How TokuMX Gets Great Compression for MongoDB
In my last post, I showed what a Fractal Tree® index is at a high level. Once again, the Fractal Tree index is the data structure inside TokuMX and TokuDB, our MongoDB and MySQL products. One of its strengths is the ability to get high levels of compression on the stored data. In this post, I’ll explain why that is.
At a high level, one can argue that there isn’t anything special about our compression algorithms. We basically do this: we take large chunks of data, use known compression methods (e.g. zlib, lzma, quicklz), and compress them. That’s it!
As my colleague Martin has said, “Compression can be like a freight train. It’s slow to get started, but given enough track it can pick up steam.” These algorithms work well when compressing large chunks of data, not small chunks. We compress large chunks of data, so we get great compression.
Customers have seen tremendous compression with TokuDB, our MySQL storage engine. For example, one customer saw 9x compression, while another saw roughly 85% savings. How much compression one sees depends on how well the compression algorithms can compress the data. If you have some data in MongoDB or MySQL, you can get an idea for how TokuMX and TokuDB will compress it by dumping or exporting it to flat files, and running gzip on them. We usually see better compression from equivalent MongoDB data because we’re compressing the field names, which are often repeated very frequently, and therefore compress very well.
So the real question is, how do Fractal Tree indexes compress large chunks of data? To answer that let’s dive a little deeper than we did last time into what a Fractal Tree index looks like. Below is a picture of the data structure.
In a B-Tree and Fractal Tree index, most of the data structure (well over 90%) is comprised of leaf nodes. So, to understand why we compress well, we only need to understand how we store leaf nodes. Traditionally, one reason for B-Trees to keep leaf nodes small is to reduce the I/O cost of performing a write. It’s bad enough that we may do a disk seek per write to bring the leaf node into memory. If a B-Tree also needs to pay the cost of disk bandwidth by reading in a large leaf node, this hurts performance more. Fractal Tree indexes, on the other hand, batch many writes per I/O. So, Fractal Tree indexes should have large blocks, on the order of 4MB. The larger the blocks, the more writes we can batch together, and the less each individual write costs us overall. In fact, our leaf nodes, uncompressed, are 4MB. So, the very nature of Fractal Tree indexes favor big block sizes of leaf nodes, which in turn is good for compression.
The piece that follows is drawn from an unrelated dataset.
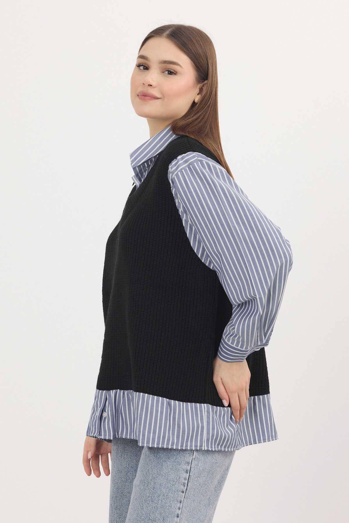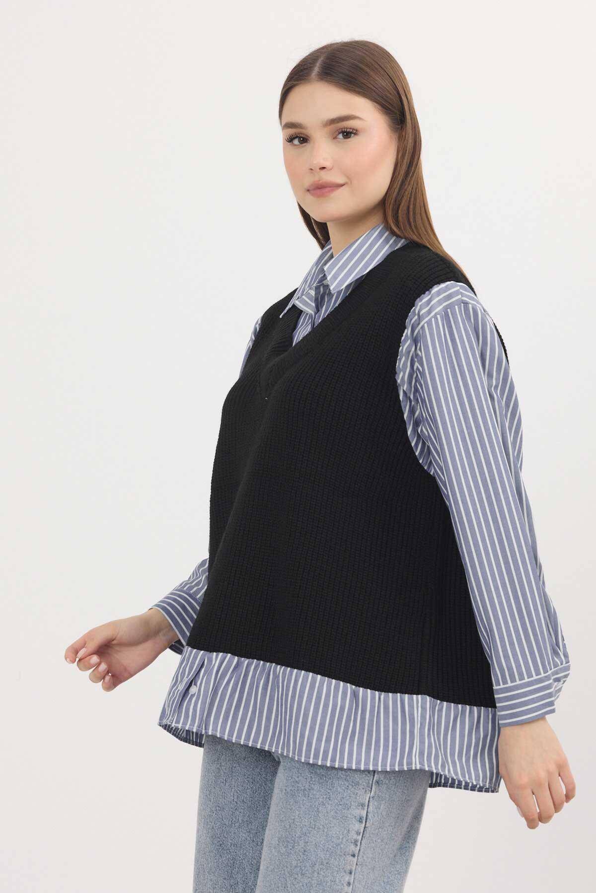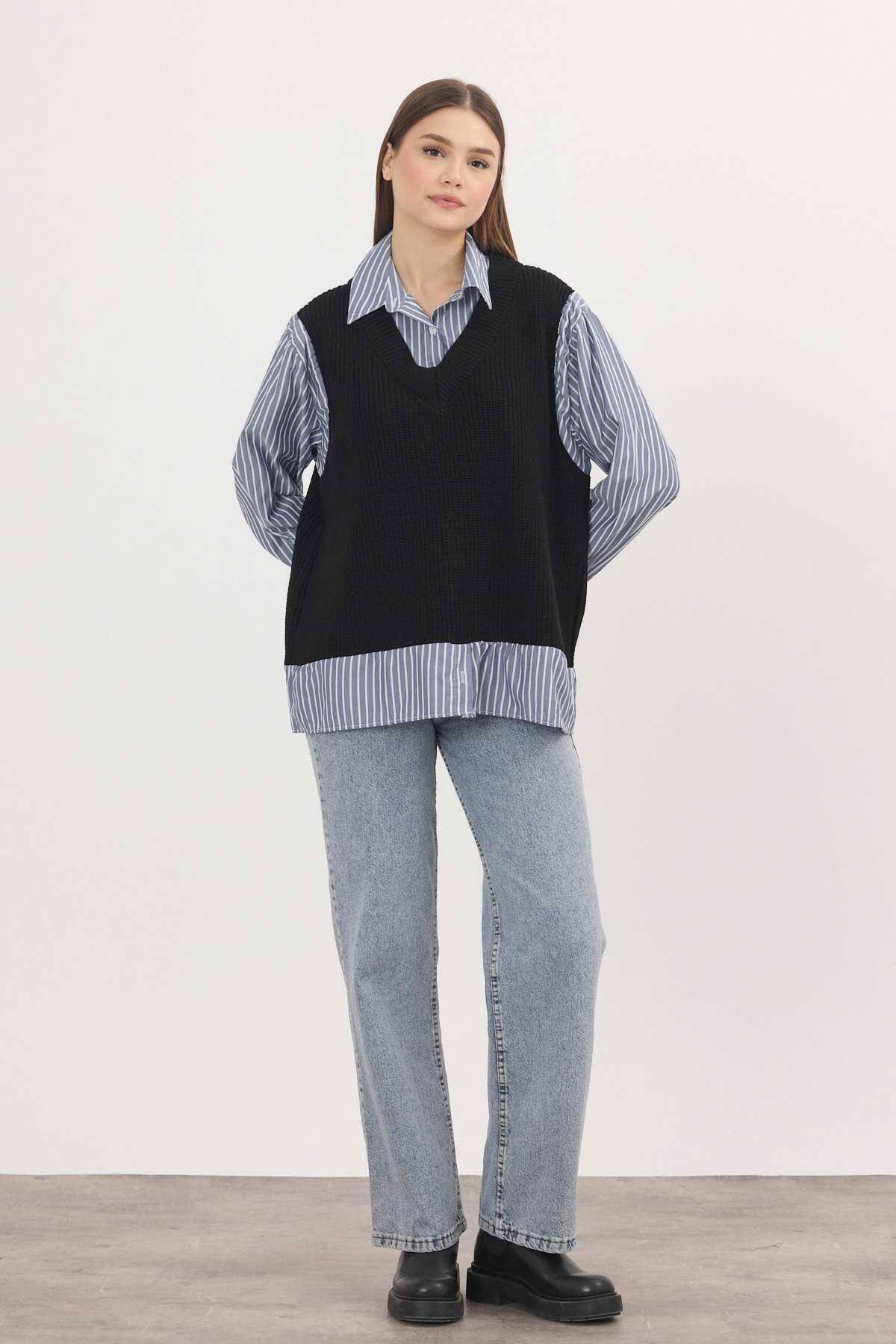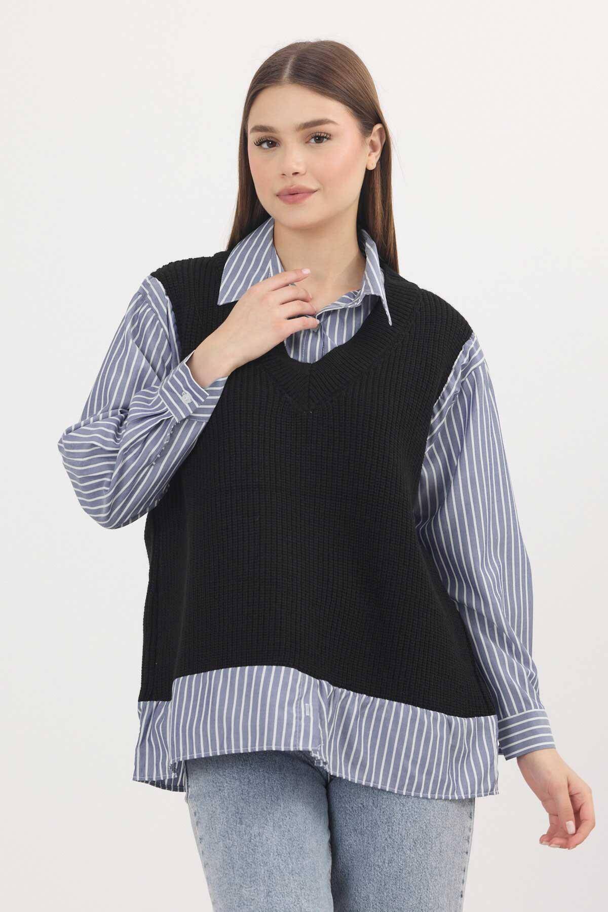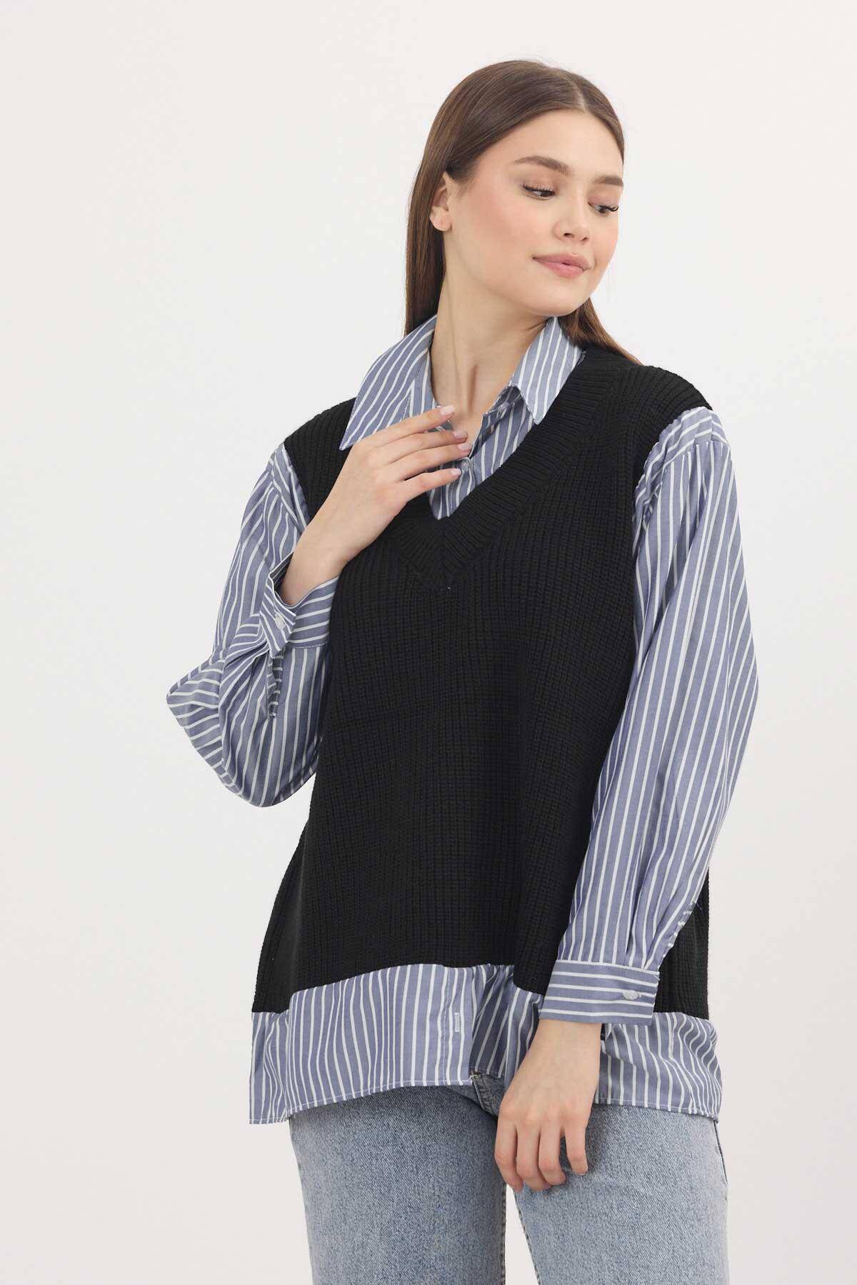 5395 Gömlek Detay Kazak Siyah-Saks

That, however, is not the whole story. I’m sure some readers are thinking to themselves, “what about reads? Reads matter.” And they are right. Reads do matter. Having a 4MB leaf node is smart for writes, but may be painful for reads. If a query performs a point query (which queries on non-covering secondary indexes do), then with 4MB nodes, a user would scan into memory 4MB of data just to read one measly row. This is painful for the same reasons reading 4MB of data just to write one row is painful. (Note that one difference here is that a disk seek is required regardless of the node size, whereas with writes, the disk seek is not required. So it is not quite the same).
So what do we do? We still have 4MB leaf nodes, but we partition the leaf node into 64KB contiguous chunks called “basement nodes.” These 64KB chunks are individually compressed, concatenated, and written disk to represent a leaf node. When we flush data to a leaf for writes, we read in the full 4MB of a leaf node. The amount flushed is enough data to make reading 4MB of data worthwhile. When reading “one measly row”, we read only the appropriate 64KB chunk of data, which is large enough to still get good compression, but small enough to not incur a huge bandwidth cost when performing a query.
Note that this value of 64KB is configurable. We’ve noticed that 64KB is a nice sweet spot to get good point query performance and compression in typical MySQL and MongoDB scenarios, but for some data sets and workloads, 32KB or 128KB can perform or compress a bit better. In a future blog post will explain the tradeoffs of tweaking this and other settings.
Put these characteristics together, and we have ourselves a data structure that can:
- compress really well
- get wonderful write performance by reading and writing large blocks of data
- get great query performance by having the ability to read small(er) chunks of data
And when you package it all up, you get fantastic MongoDB compression and performance.